Incidentally, we could have solved the equation for the 4th component being zero. We get the same answer, NA = 4.

It’s crucial that, in this example, there was a value of a such that the vector was in the 2D subspace. But if there is not such an exact solution, I think that the equations for different components would have given different answers. And i’m not sure what the iteration converges to in such a case.

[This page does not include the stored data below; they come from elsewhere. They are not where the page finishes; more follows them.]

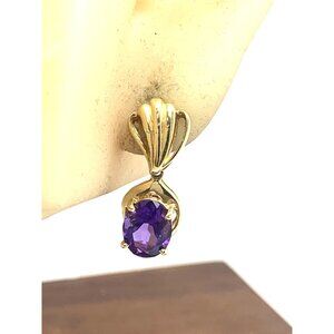 14k Yellow Gold 4.2 Grams Oval 9x7mm Purple Gemstone Women's Dangle Earrings Estate Jewelry (AP10332)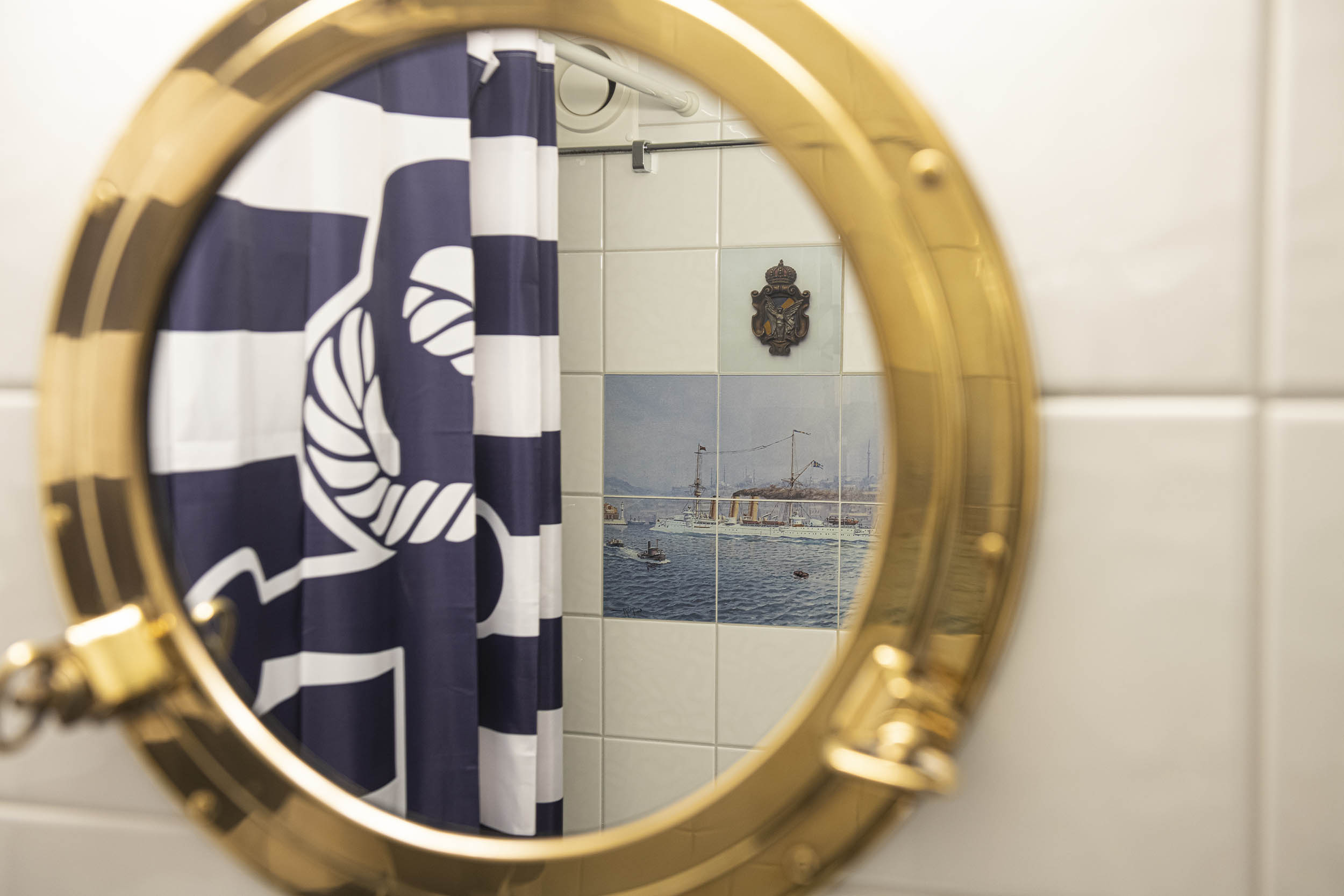 Konsten i rummen är genomgående i marin stil med fartyg och båtar i olika miljöer.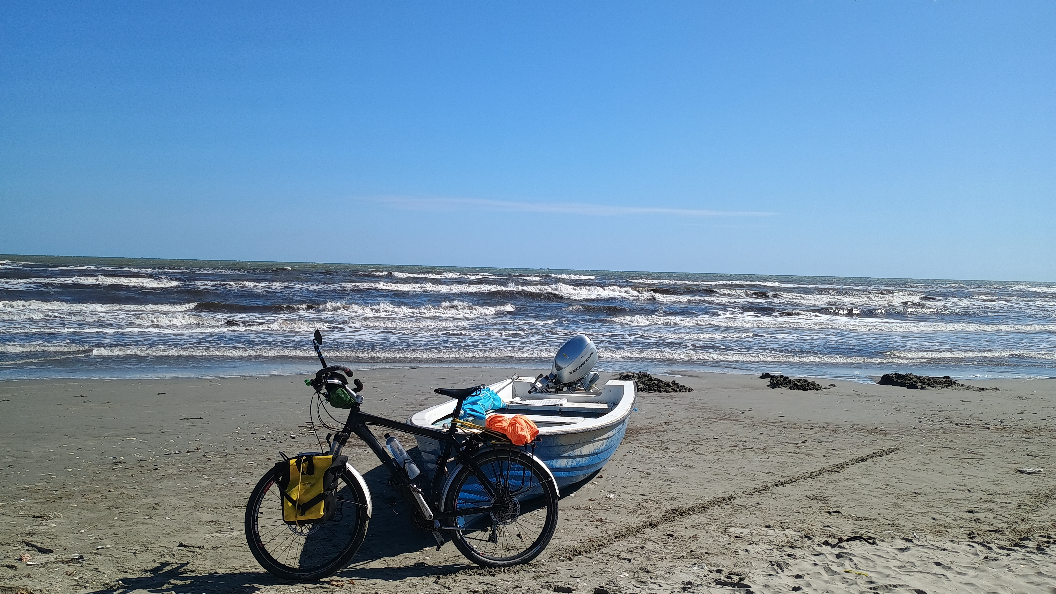 Then, just to make the point, I cycled to Sulina beach and the Black Sea, and of course I had to take a few pictures of it. So, my bike is now in selfies of the Black Sea, the Pacific, the Atlantic, the North Sea and the Mediterranean. Its been getting around, it seems.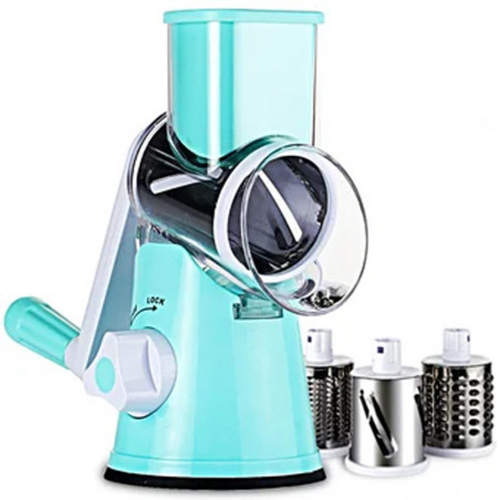 El rallador de tambor rotativo es una herramienta de cocina eficiente con 3 tambores de acero inoxidable para ayudarlo a preparar la ida rápidamente y en varios estilos sin problemas.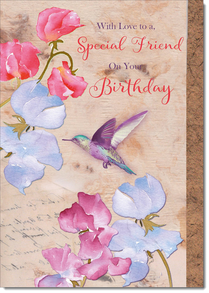 Special Friend Birthday Card Sweet Pea and Hummingbirds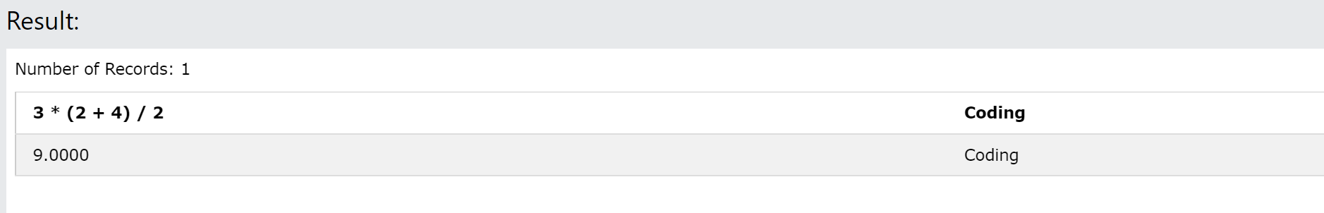 SELECT 3 * (2 + 4) / 2, 'Coding';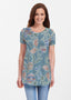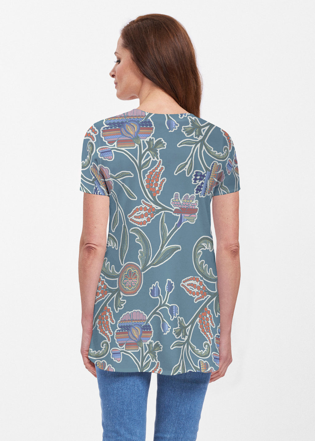 Our soft and feminine short sleeve silhouette tunic is sure to flatter any figure. Made in our Butterknit fabic that flows into a relaxed curved hem that is slightly longer in the back with subtle side slits.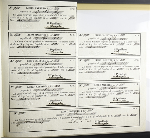 Governo Provvisorio della Repubblica Veneta. Buoni del Prestito, 1848-1849. Buoni del prestito forzoso di tre milioni (di Venezia) decreto n. 3227 del 12 Ottobre 1848. 500 Lire, 17 Agosto 1849.

Well, let’s try this on a vector that does not lie in the 2D subspace, our old friend with all 1s. Suppose the 3rd value is unknown:

$\{1,\ 1,\ \text{NA},\ 1,\ 1\}$

I’ll start with 0 as a guess and see what happens. (Remember that the second line, for example, is not the result of applying H to the first line; instead, it replaced the 3rd component.)

{0, {1, 1, 0, 1, 1}}

{1, {1, 1, 0.541353, 1, 1}}

{2, {1, 1, 0.708237, 1, 1}}

{3, {1, 1, 0.759682, 1, 1}}

{4, {1, 1, 0.775541, 1, 1}}

{5, {1, 1, 0.78043, 1, 1}}

{6, {1, 1, 0.781937, 1, 1}}

{7, {1, 1, 0.782402, 1, 1}}

{8, {1, 1, 0.782545, 1, 1}}

{9, {1, 1, 0.782589, 1, 1}}

{10, {1, 1, 0.782603, 1, 1}}

{11, {1, 1, 0.782607, 1, 1}}

{12, {1, 1, 0.782608, 1, 1}}

{13, {1, 1, 0.782609, 1, 1}}

{14, {1, 1, 0.782609, 1, 1}}

We converged to 0.782609 on the 13th iteration.

Just what are the new components of that final vector? Apply u^T to it, and we get

$\{1.68858,\ -0.944249,\ -0.929981,\ -0.0685591,\ 0\}$

About all I’m really sure of is that this is an interesting alternative to replacing NA by the mean value of the other components.